Leading into the Future: Why the U.S. will look to Japan, not China

On Wednesday night, ~75 futurists gathered for an engaging meet-up at Public Bar in Washington, DC. Patrick Tucker (@TheYear2030), senior editor of THE FUTURIST magazine, spoke briefly, as I had invited him to share a little about his experiences while on assignment in Japan during the past six months.
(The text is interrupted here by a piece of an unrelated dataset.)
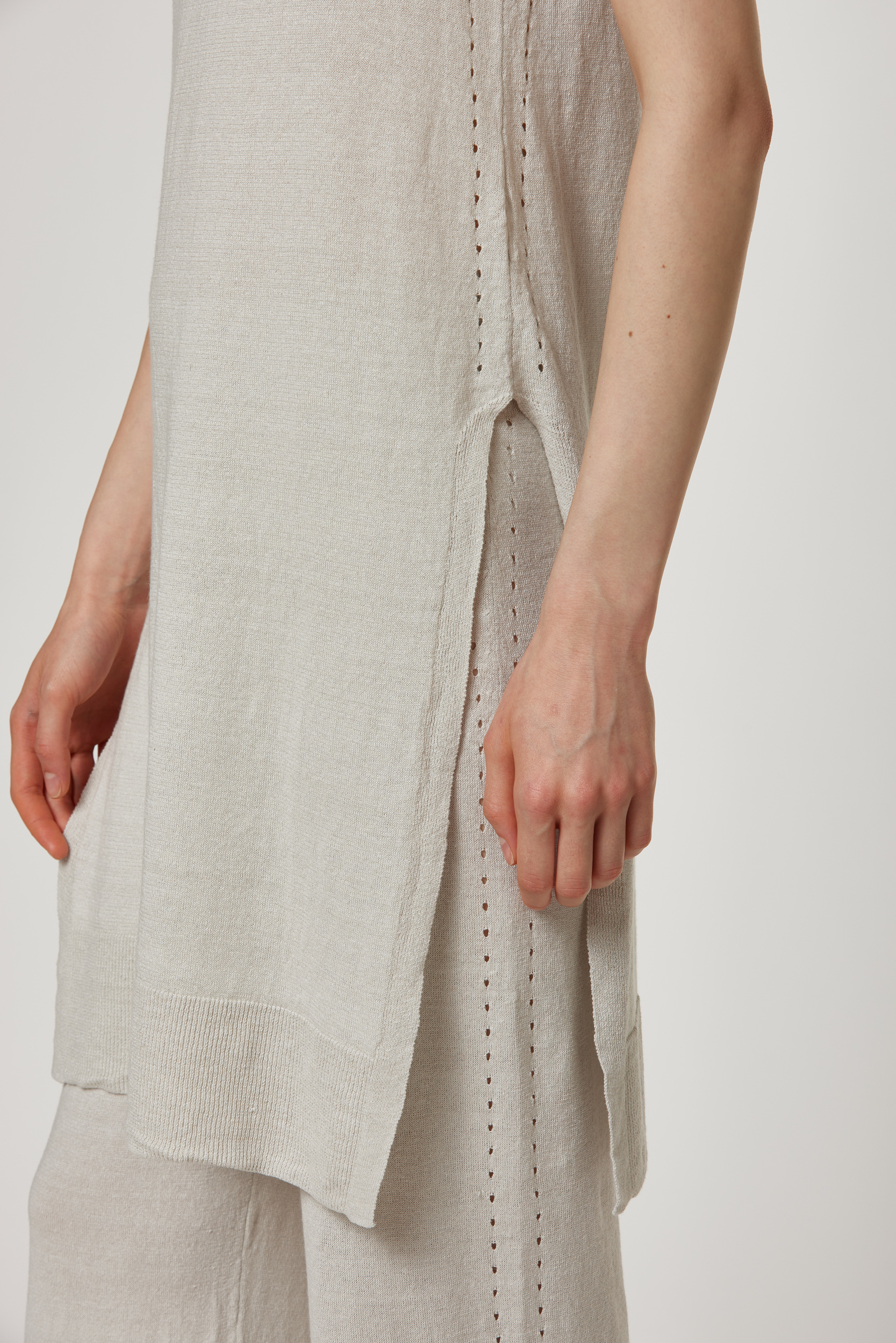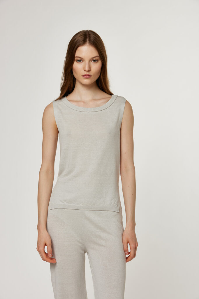 Canotta paricollo con dettagli sui fianchi e goccia sul dietro, capo in 64% linen, 36% organic cotton, rasato, tinto filo, regular fit, F14

In an email response to Shashi Bellamkonda (who snapped some fun photos of the evening) on why he ventured to Japan, Patrick wrote:

…in searching for a picture of what the United States will look like in 2050, don’t look to China.  The story of the emerging superpower is one we’ve already lived.  China will industrialize, build factories, grow its middle class, and assert its interests on the international stage.  For all the menace that Washington projects onto the government in Beijing, too often we forget that China ’s ascent is the story of  America’s rise a century ago.  A more accurate picture of our later 21st Century might be found in Japan, a nation grappling with enormous national debt, insufficient natural resources, waning geopolitical influence, and the oldest population in the Industrialized world; 22% of the country is older than 65.

Japan is still the future. But the future is not what it was.

Japan’s aging and shrinking population is a lethal combination for economic growth according to many outside observers. Older populations draw down savings rather than reinvest, and they strain public services and government budgets, a particular worry in Japan where the debt to GDP ratio is above 200%.

Japan, however, is also a world leader in green product design, hardware design, and personal robotics.  In the coming decade, Japan will leverage its technology and design strengths in an attempt overcome its economic and demographic challenges.  Japan’s success or failure in this effort will be instructive for other developed economies with aging populations.

As someone who follows technology and innovation closely, Japan is exceptionally interesting – for its cultural tradition, discipline and honor, for its love of nature in its reverence for trees and seasons, and for its exuberant development of robots. Now, in the aftermath of the earthquake and tsunami that disabled the Fukushima I Nuclear Power Plant, I’m even more interested in how this country will lead the way in energy innovation (for example, read  how one Japanese company is pursuing a plan to harvest solar energy from the moon). And more importantly, how the United States will partner in these endeavors.